One notorious functional group missing from the figure that will cause toxicologists (and learned med chemists) to run screaming from the room is a thiocarbonyl. Doesn’t matter whether it is a thioketone, thiourea, thioamide, etc. I’ve seen a couple from the literature go into the clinic, but the evidence preclinically and clinically is overwhelming against them.
Thiocarbonyl compounds are potent metal chelators and have typically poor PK. But for cancer therapy, almost anything goes.
With Sutent, there was worrisome QTc prolongation and other organ tox (adrenal necrosis) in animals from what I heard, together with non-linear PK and tendency for the drug to accumulate. And you see, it sells well. So much that Pfizer shelved the follow-on candidate with improved tox/PK properties.

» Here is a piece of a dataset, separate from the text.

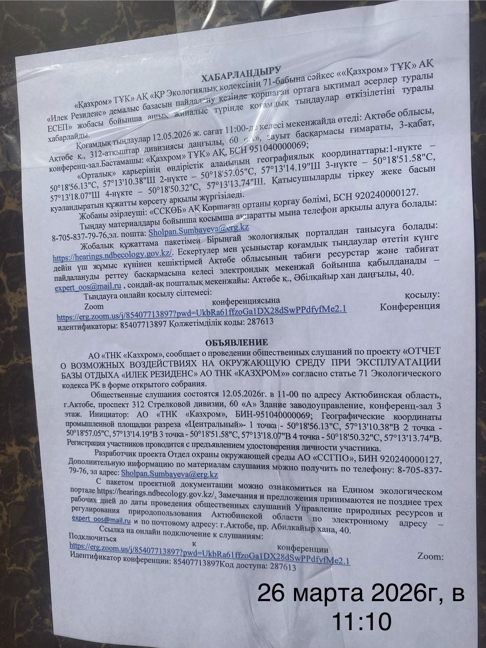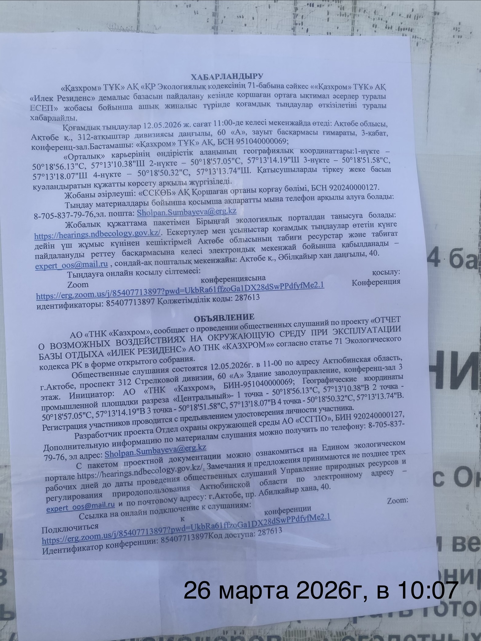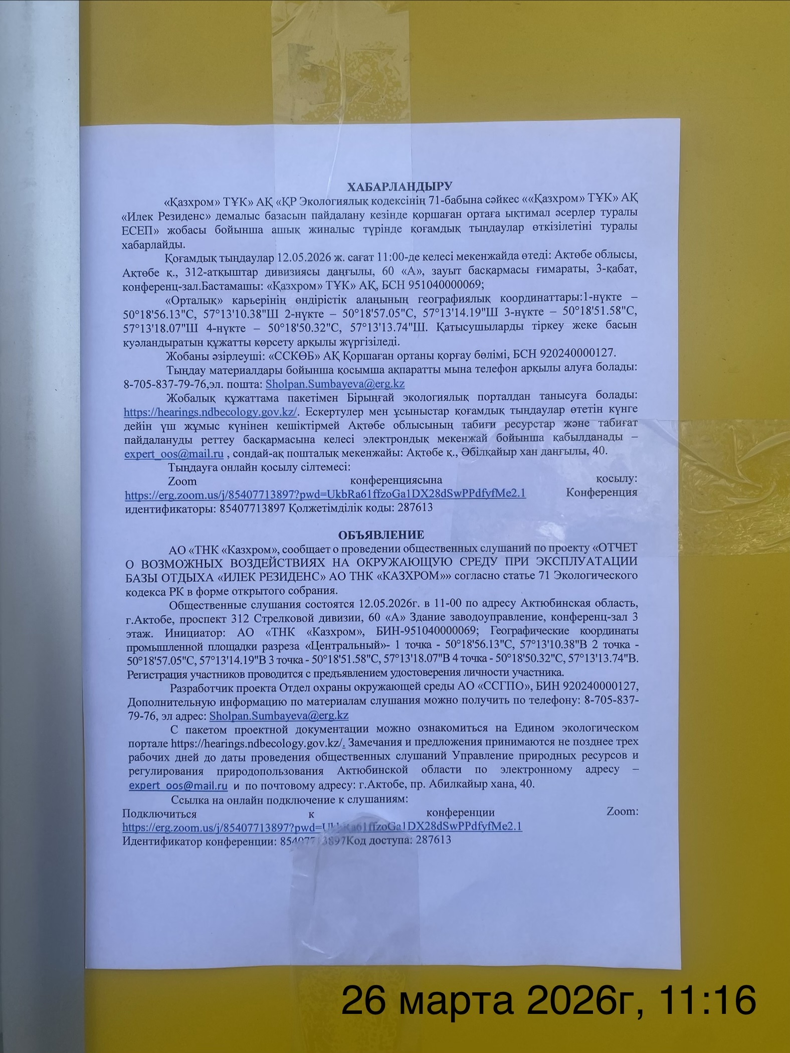 4. Повестка дня общественных слушаний: «База отдыха «Илек Резиденс»» является действующим объектом, предназначенным для отдыха. Функционирование База отдыха продолжится после прохождения необходимых экспертиз. База отдыха расположен в Актюбинской области, г. Актобе, район Алматы, в пределах ж.м Кирпичный. Ближайшая жилая зона расположена менее чем в 20 метрах от базы отдыха. Площадь территории д/о «Илек Резиденс» - 4,9643 га. Координаты участка: 1 точка - 50°18'56.13"С, 57°13'10.38"В 2 точка - 50°18'57.05"С, 57°13'14.19"В 3 точка - 50°18'51.58"С, 57°13'18.07"В 4 точка - 50°18'50.32"С, 57°13'13.74"В. На территории располагаются Домики для отдыха, кафе-столовая, беседки, терраса на 100 человек. База отдыха является действующим объектом. Строительство или реконструкция объектов не предусматривается. Проектом предусмотрена эксплуатация базы отдыха, расположенной на территории района Алматы, Актюбинской области, в пределах ж.м Кирпичный. На территории располагаются кафе-столовая, беседки для отдыха, терраса на 100 человек, 12 Домиков для отдыха. Вода питьевого качества будет использоваться из существующих сетей. Забор и (или) использования водных ресурсов из поверхностных и подземных источников с применением сооружений или технических устройств настоящим проектом не предусмотрено. В связи с чем, оформление Разрешения на специальное водопользование в соответствии статьи 66 Водного Кодекса РК не требуется. База отдыха находится на берегу реки Илек, согласно Постановления Акимата Актюбинской области №127 от 20 апреля 2009г. «Об установлении водоохранных зон и полос реки Илек и ее притоков», на данной реке установлены водоохранные зоны и полосы, в связи с чем, установление водоохранной зоны и полосы не требуется. Расстояние от реки Илек до базы отдыха порядка 60 метров. Вода питьевого качества будет использоваться из существующих сетей. Расход воды на хоз.-бытовые нужды ориентировочно составит 100 м3/месяц. Тыңдауға онлайн қосылу сілтемесі: Zoom конференциясына қосылу: https://erg.zoom.us/j/85407713897?pwd=UkbRa61ffzoGa1DX28dSwPPdfyfMe2.1 Конференция идентификаторы: 85407713897 Қолжетімділік коды: 287613 Ссылка на онлайн подключение к слушаниям: Подключиться к конференции Zoom: https://erg.zoom.us/j/85407713897?pwd=UkbRa61ffzoGa1DX28dSwPPdfyfMe2.1 Идентификатор конференции: 85407713897Код доступа: 287613

I don’t know, I was just a chemist making analogs. At the time management was very nervous because if the compound was to be dropped in the clinic, it would have been the third failed clinical candidate in the row. (The first compound failed due to poor solubility, the second one for high plasma protein binding – easy problems to spot but they were not appreciated until late in the trials – a very expensive mistake)

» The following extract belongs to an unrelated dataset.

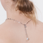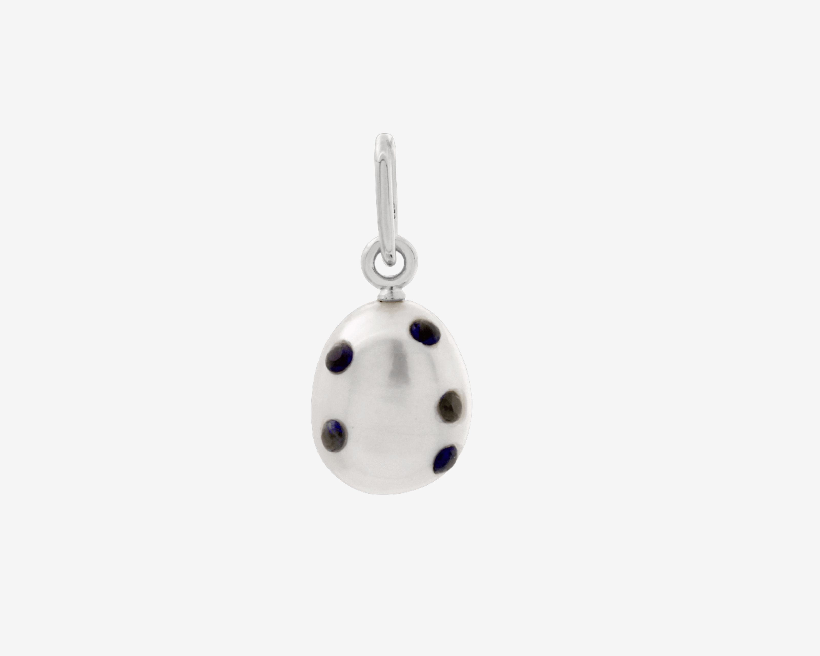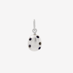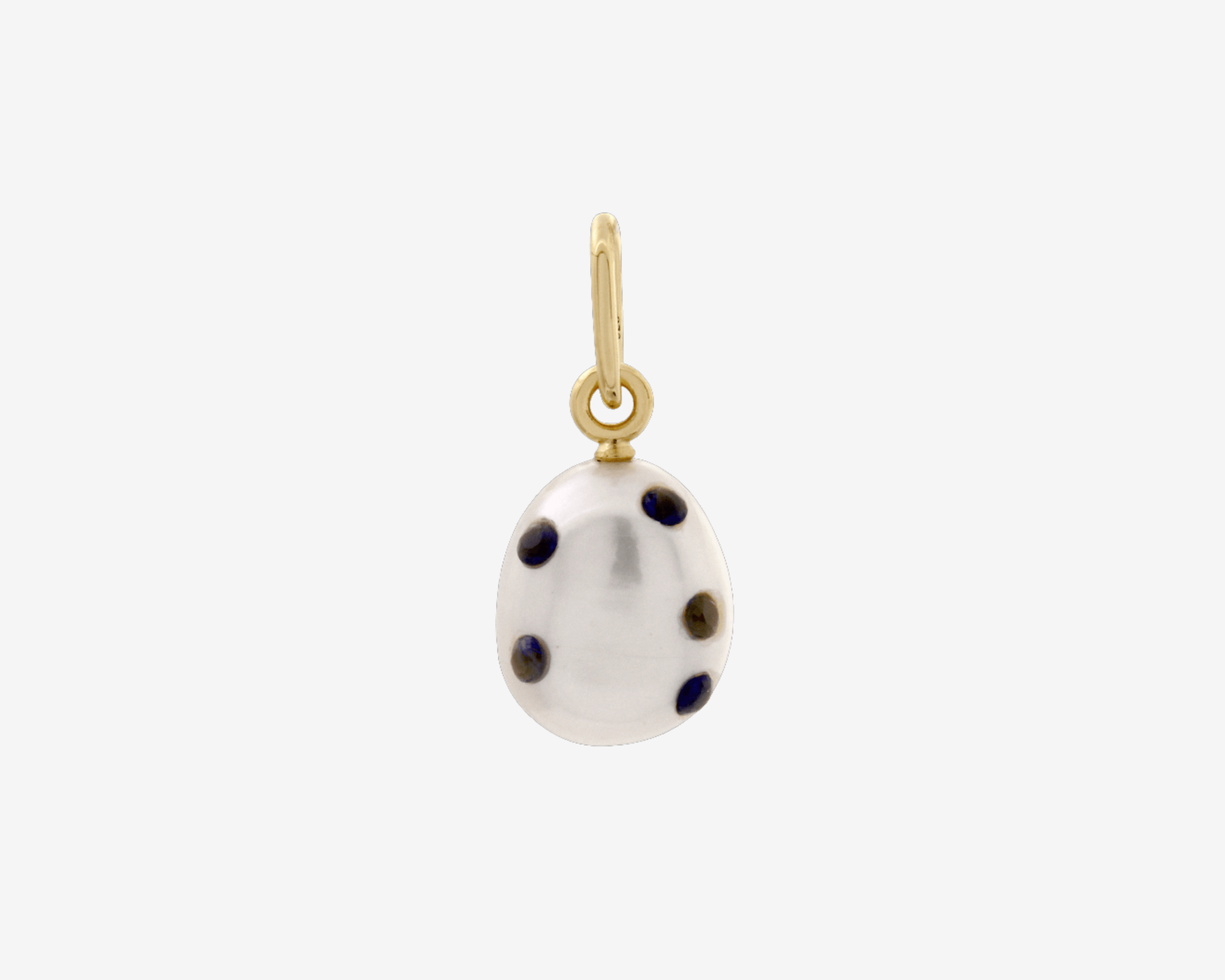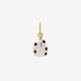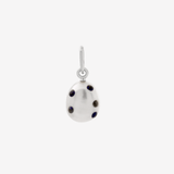 A playful sterling silver pearl charm featuring a smooth white pearl accented with scattered blue gemstones for a modern look. Available in 14ct gold or rhodium plating and compatible with the Sener Besim buildable collection, it adds a unique touch to any chain or bracelet.

The Sutent regiment calls for a week-long ‘holiday’ after couple weeks of therapy – I suppose this is because of some accumulation and relatively narrow safety margin but I don’t realy know. Sutent has huge volume of distribution and is quite persistant and the major equipotent (and probably more toxic) desethyl metabolite has even substantially longer clearance time.
One way you can tell accumulation is happening is the patient skin turns “bronze”… the compound is intensely yellow-orange
The diagram is not an AZ creation, it’s just used without attribution (tsk, tsk) perhaps the person who licensed AGI-1067 hadn’t seen it… It has been referred to as the Ashby-Tennant supermolecule (possibly from Ashby & Tennant, Mutation Research, 257(1991) 209-27).
People get scarred by high profile failures but sometimes with good reason. I seem to remember Pfizer being obsessed with aminothiazoles and anilines in general ( presumably due to the PGI risk), not many MMP- hydroxamates ever made it – but I’m sure someone can prove me wrong.